Merry earnings season! Corporate America kicked off its quarterly tradition of releasing its recent financial reports on Thursday -- but low expectations sent the Dow (^DJI 0.40%) down for an 18-point loss.

1. Alcoa's earnings include bribery and bad numbers
Just as it does every quarter, coal-mining firm Alcoa (AA) began the fourth-quarter earnings season after the market closed on Thursday, serving up its financial performance from the last three months of 2013 to the public. After long periods of shrinkage and lost significance, Alcoa was actually kicked out of the elite Dow Jones Industrial Average in September, but its tradition of starting earnings season lives on.
 
So how did Alcoa do? Well the bribery scandal it settled earlier in the day didn't help. The U.S. will stop investigating Alcoa for corrupt bribery charges involving a member of Bahrain's royal family, if it pays $384 million. Alcoa CEO Klaus Kleinfeld asked TV viewers to put the bribery behind them and focus on their earnings that would be released later that evening.
 
As for its earnings, Alcoa's revenues and earnings both dropped last quarter. Alcoa actually lost $2.3 billion, but they like to exclude unusual one-off charges to see what the core business is doing: so Alcoa technically earned $40 million, which amounts to $0.04 for each shareholder (enough to buy a disappointed aluminum Alcoa frowny face pin). With low steel prices hurting Alcoa's business, the stock fell 1.3% before the report and over 3% after.
 
2. Macy's cuts 2,500 jobs, but grows sales
It's a tale of two Macy's on legendary 34th Street. Shares of Macy's (M 0.44%) popped 7% on Thursday as investors weighed some good and some bad news from your aunt's favorite department store.

The bad news is that to save $100 million per year, Macy's is slashing 2,500 jobs and closing 5 stores like its snipping down a pair of old jeans to make cutoffs that Britney Spears would proudly strut around Vegas in.

But there was a lot more good news. First, same-store sales grew 4.3% during the crucial November to December holiday shopping period compared to last year -- much better than its competitors who struggled through the season. And second, investors were actually impressed to see Macy's shut down its poor performing stores because the company is essentially trimming its fat. The department store's fake Santas are running the place pretty well this year.
 
3. Sears predicts shockingly bad holiday loss
Not everyone had as fun a day as Macy's. Shares of fellow brick-and-mortar retail mammoth Sears (SHLDQ) free-fell 15% in after-hours trading Thursday after the company released a report that projected a super bad quarter during the holiday season.
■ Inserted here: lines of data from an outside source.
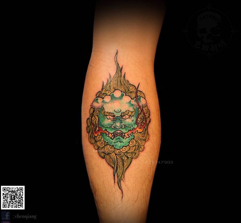 和尚老师原创-瑞兽唐狮纹身图片_腿部新传统艺奴刺域原创纹身图案
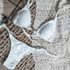 Bikini símil tejida, corpiño triangulo con tiras y argolla en el centro, la bombiless se ata a los costados.
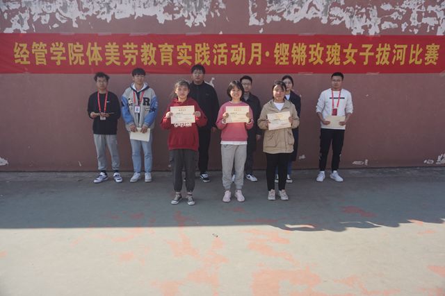 首先进行的是“铿锵玫瑰”拔河比赛预赛,由经济学类3班对阵经济学类1班,工商管理2班对阵经济学类2班,工商管理5班对阵ACCA方向卓越班,工商管理3班对阵工商管理4班。随着比赛的开展,在场观众的热情瞬间被点燃,都在整齐划一的进行高声助威,观众的加油声、参赛人员的口号声以及老师们指导的声音一声高过一声,层层声浪在赛场上此起彼伏。最后,工商管理1班、工商管理2班、经济学类3班、工商管理5班以及工商管理4班进入半决赛。进入半决赛的队伍积极进行布局调整,老师们齐上阵进行比赛总结,以更加饱满的状态迎接接下来的比赛。接下来的比赛也如火如荼的进行,加上更为充分战术调整,比赛更加热烈。最终经济学类3班、工商管理4班和工商管理5班在激烈的角逐中进入决赛,三支队伍则以更加饱满的状态迎接即将到来的决赛。比赛随着裁判的哨声展开了最后的角逐,三支队伍都尽力发挥出自己所有的实力。
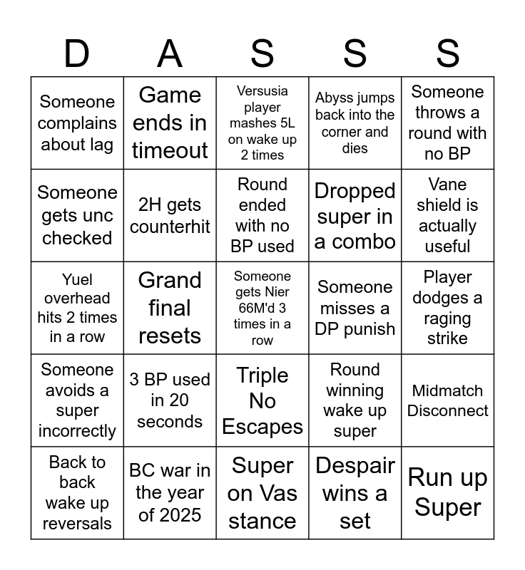 This bingo card has a free space and 24 words: 3 BP used in 20 seconds, BC war in the year of 2025, Round ended with no BP used, Back to back wake up reversals, Someone throws a round with no BP, Someone complains about lag, Someone gets unc checked, Game ends in timeout, Someone misses a DP punish, Triple No Escapes, Dropped super in a combo, Yuel overhead hits 2 times in a row, Round winning wake up super, Midmatch Disconnect, 2H gets counterhit, Despair wins a set, Player dodges a raging strike, Versusia player mashes 5L on wake up 2 times, Vane shield is actually useful, Grand final resets, Run up Super, Someone avoids a super incorrectly, Abyss jumps back into the corner and dies and Super on Vas stance.
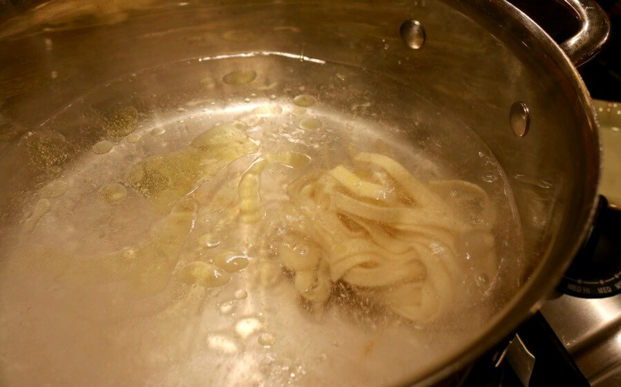 Finished sliced pasta, ready to cook!Cook the pasta in bolding water with salt and EVOO.
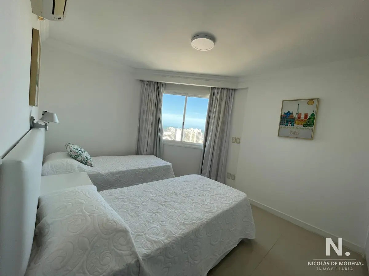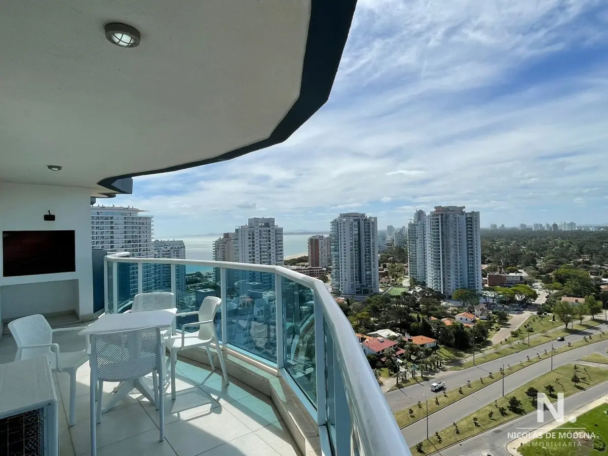 Apartamento de 3 dormitorios situado a escasos metros de Playa Mansa. Este apartamento se encuentra en un edificio con una amplia gama de comodidades excepcionales: desde servicio de playa hasta canchas de tenis, gimnasio y piscinas climatizadas, tanto al aire libre como cubiertas. Con 3 dormitorios, 3 baños y una terraza que incluye una parrilla propia,
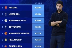 本赛季转会净支出排行:阿森纳2.8亿欧第一,英超包揽前五
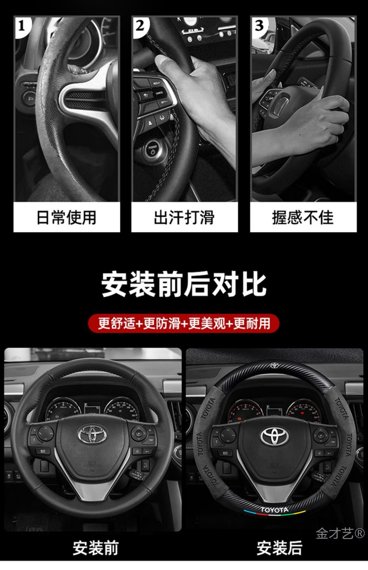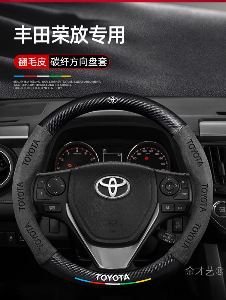 Toyota RAV4 Rongfang 스티어링 휠 커버에 적합 09-24 모델 정품 가죽 사계절 범용 탄소 섬유 스웨이드 커버스토어 가기
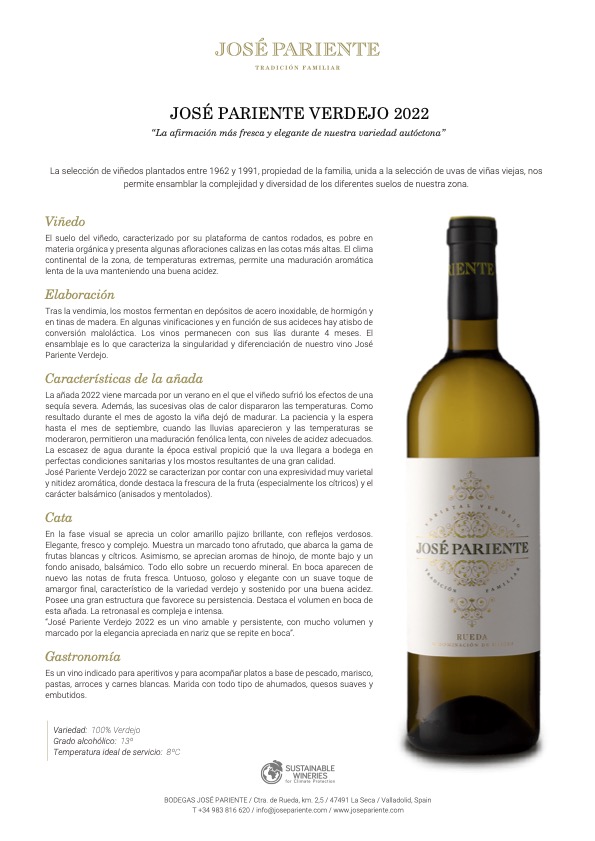 Equilibrio de continentes de Verdejo, con aporte de madera muy sutil, fino, elegante y deja un Verdejo Mimado, sin verdor, suave, con muchas notas florales y de campo silvestre.
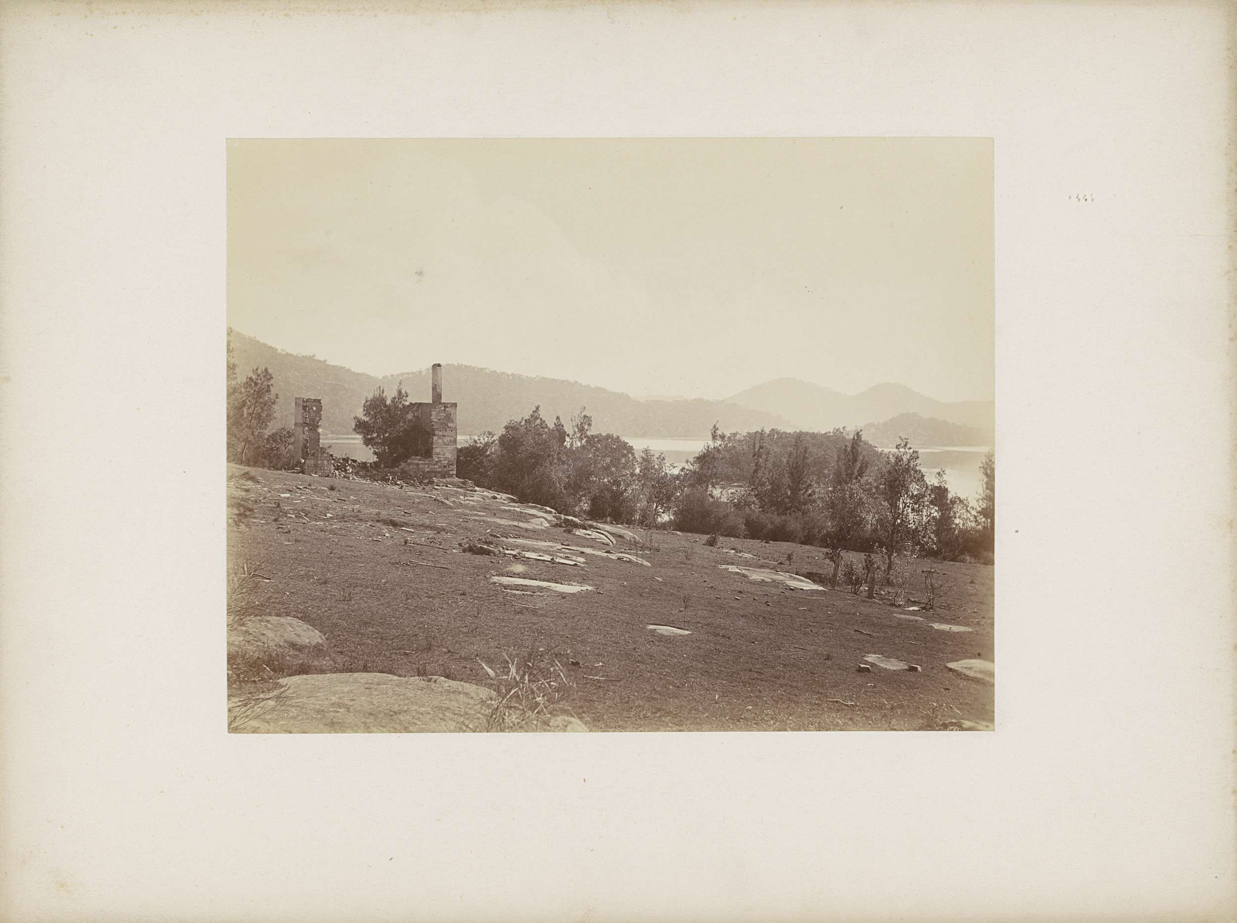 Gezicht op een baai met beboste oevers, vermoedelijk...
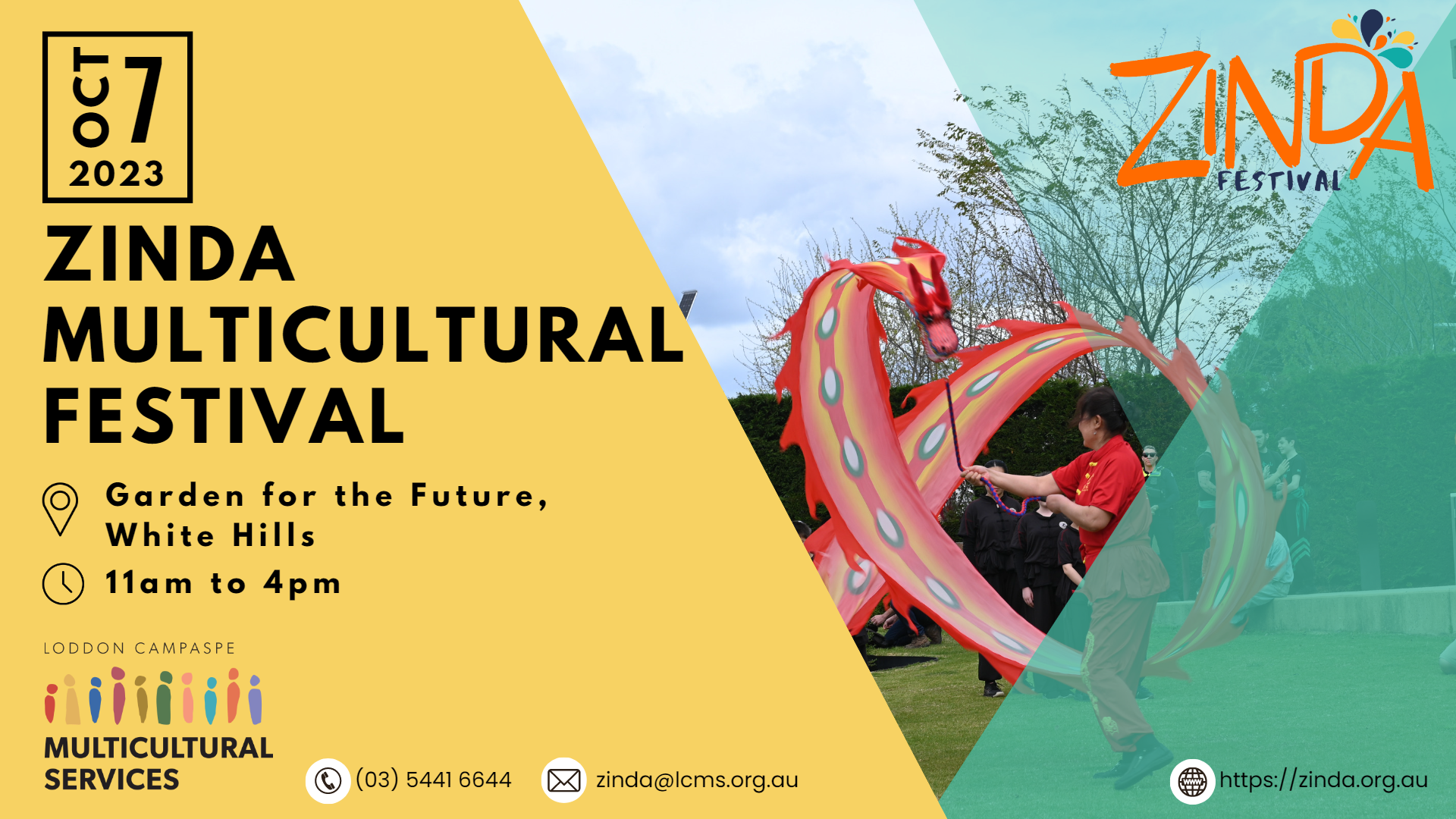 Zinda Multicultural Festival is Bendigo’s multicultural festival (presented by Loddon Campaspe Multicultural Services) that celebrates music, dance, food and cultures that contribute to the vibrancy of regional Victoria. Zinda Festival will be held on 7 October 2023 from 11am to 4pm at the Garden for the Future in White Hills.
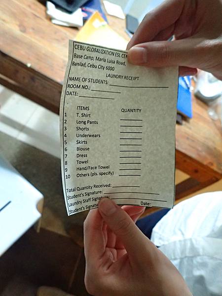 這是洗衣單,學生需要洗衣服,就填單送來這裡。
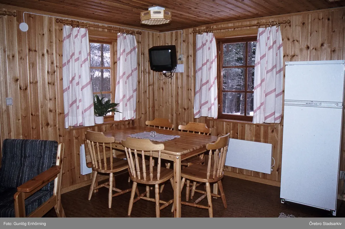 Matbord inne i en stuga i Ånnaboda, 1993
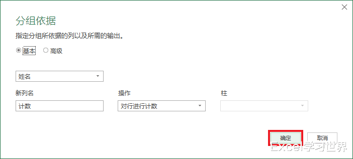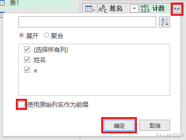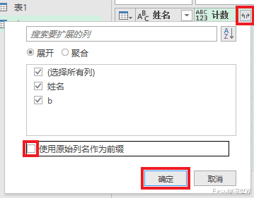 8. 展开“计数”列 --> 取消勾选“使用原始列名作为前缀”--> 点击“确定”
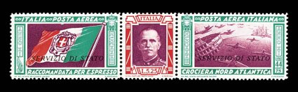 1400 nh CO1 image#CO1, 1933 Balbo air post official triptych, bright colors, o.g., n.h., some natural gum bends as often found on these, very fine and scarce; signed A. Diena and accompanied by his 1968 certificate (Michel #D9; €3,000). (Image) $2,000.00

In the details, Sears Holdings is actually made up of iconic brands Sears and Kmart -- and the combo saw sales drops 9% and 6% respectively during the last two holiday months. That's a shockingly big potential $1.35 billion loss when analysts were actually expecting a small gain. Considering the company announced in 2012 that it will close 120 stores to try to save the brand, Wall Street punished Sears quickly for the bummer of a report.